Прорыв под Сталинградом - Генрих Герлах
Шрифт:
Интервал:
Закладка:
Все замерло; было слышно лишь потрескивание свечного пламени. Бройер пожал каждому руку и под конец, удерживая ладонь шофера в своей, со всей искренностью прибавил:
– Выше голову, Лакош! Снова наступит мир на земле!
По щекам у парня скатились две огромные слезы. “Сам собою не наступит! – твердил его внутренний голос. – Не без нашей помощи!” Но он не мог вымолвить ни слова. Медленно догорали свечи, в последний раз вспыхнули и поочередно угасли. Капли светлого воска застыли на светильниках бледно-желтыми сосульками. Но не ангел сошел в ту ночь с небес – над землею неслась на черных крыльях смерть.

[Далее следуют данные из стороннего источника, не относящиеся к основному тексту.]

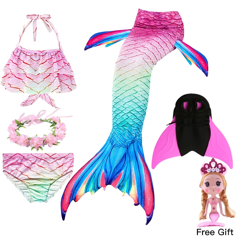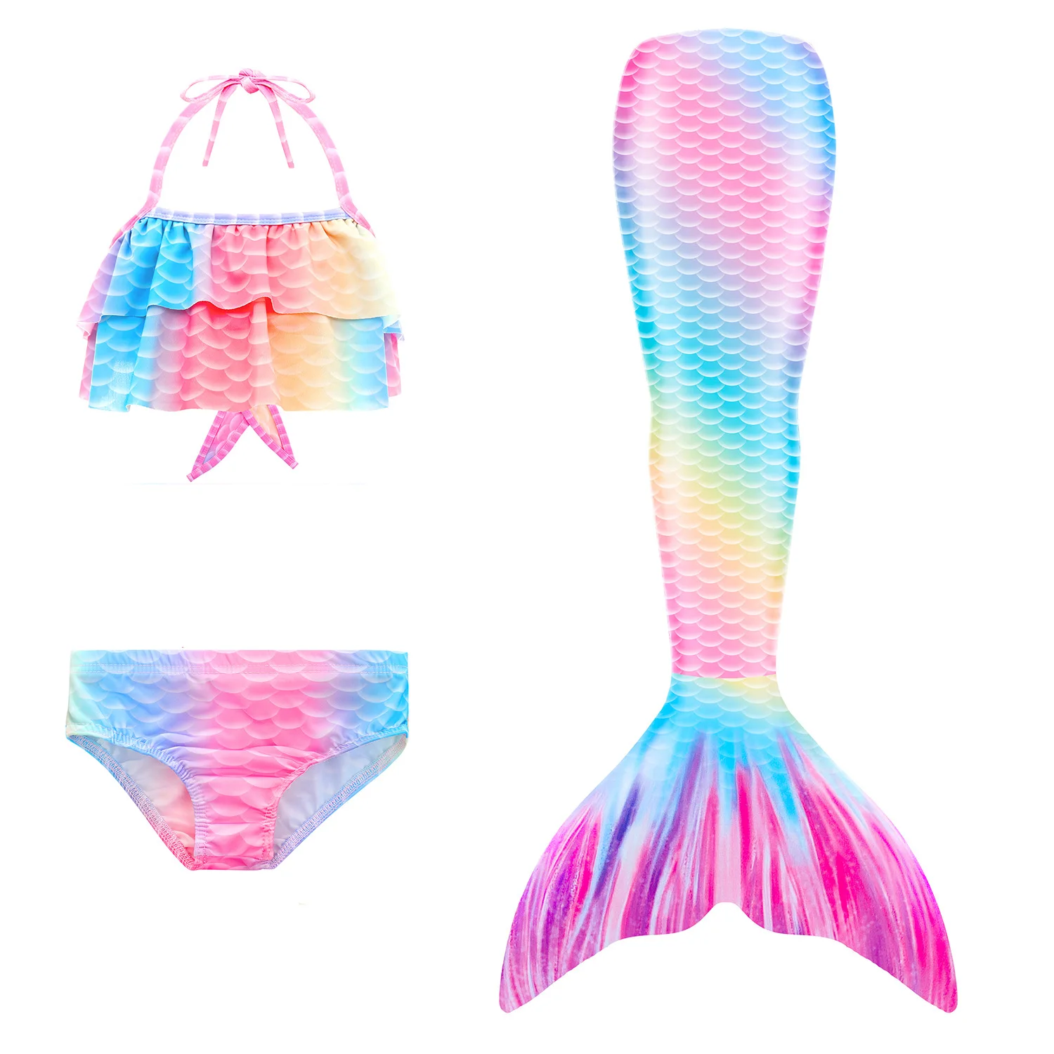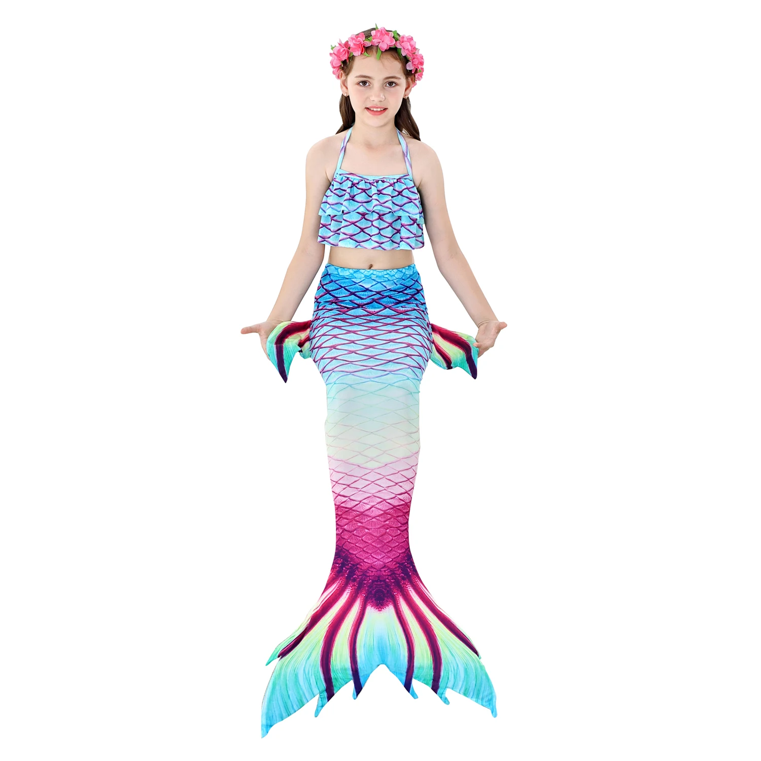 Детский купальный костюм Русалочки для девочек, купальный костюм с плавниками, платье для девочек, летняя пляжная одежда, купальники с бикини, Флиппер
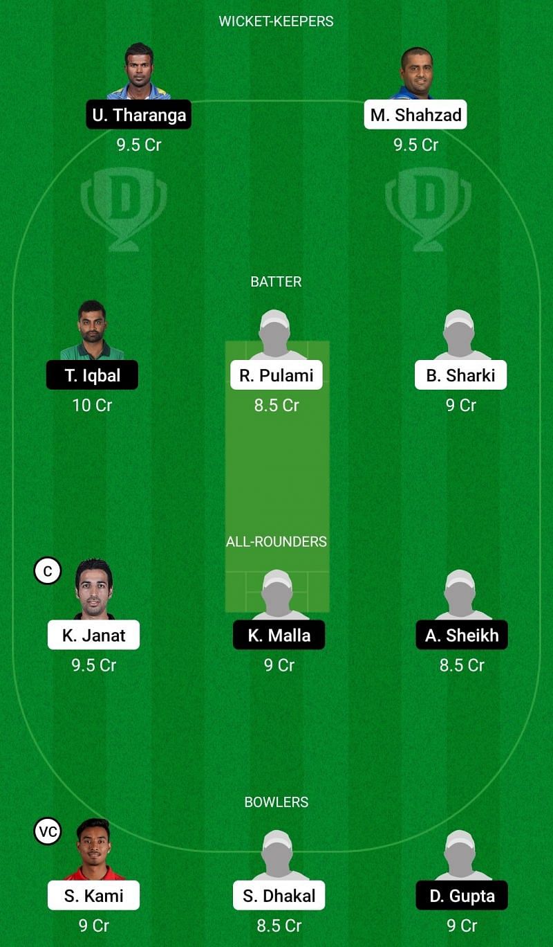 Fantasy Suggestion #1: Upul Tharanga, Mohammad Shahzad, Tamim Iqbal, Rajesh Pulami, Bhim Sharki, Karim Janat, Kushal Malla, Aarif Sheikh, Sompal Kami, Sagar Dhakal, Durgesh Gupta

В городе Гота, на елке в гостиной окружного начальника Хельгерса тоже постепенно догорали свечи. Тихое застолье и подарки были уж позади; семья, погрузившись в покой и умиротворение, сидела за круглым столом из красного дерева в приглушенном свете никелированной напольной лампы. Из радиолы доносилось пение звонкоголосых мальчиков знаменитого Лейпцигского хора при церкви Святого Фомы:
– Ночь святая, ночь чудес,
Сердце странника укрой,
Принеси ему с небес
Мир, отраду и покой…[38]
Капитан Гедиг сидел, скрестив ноги в брюках со штрипками и утопая в широком кресле. Парадный китель был увешан орденами. Слушая, как затихают безмятежные голоса детей, он в задумчивости разглядывал красующуюся на стене большую карту Европы. Молодое лицо его было неестественно серьезно. По окончании курсов для адъютантов крупных воинских формирований при Управлении личного состава сухопутных войск в Берлине, он направился на два недолгих дня к своей невесте, чтобы провести у нее Сочельник и встретить Рождество. Его поезд отходил в три часа ночи. В кармане у него было особое распоряжение начальника курса, дозволявшее ему быть переброшенным воздушным путем на территорию Сталинградского котла. Окружной начальник Хельгерс, уже в летах и давно в отставке, дородный и строгий, как полагается чиновнику старой школы, листал один из подаренных супругой томов Энциклопедического словаря Мейера восьмого издания[39]. Фрау Хельгерс склонилась над пяльцами и споро вышивала по декоративной наволочке цветочный узор; видно было, что тяготы войны наложили на нее неизгладимый отпечаток – фигура ее стала грузной и неказистой. Их дочь, Ева Хельгерс, глядела на погруженного в свои мысли жениха, и сердце ее сжималось. Она встала, чтобы сменить пластинку. К двадцати годам она уже была учительницей гимнастики в спортивной школе, имела успех и нравилась детям. Ее светлые волосы, странно сочетавшиеся с темными, почти черными глазами, придавали очарования крохотному, чуть смуглому личику.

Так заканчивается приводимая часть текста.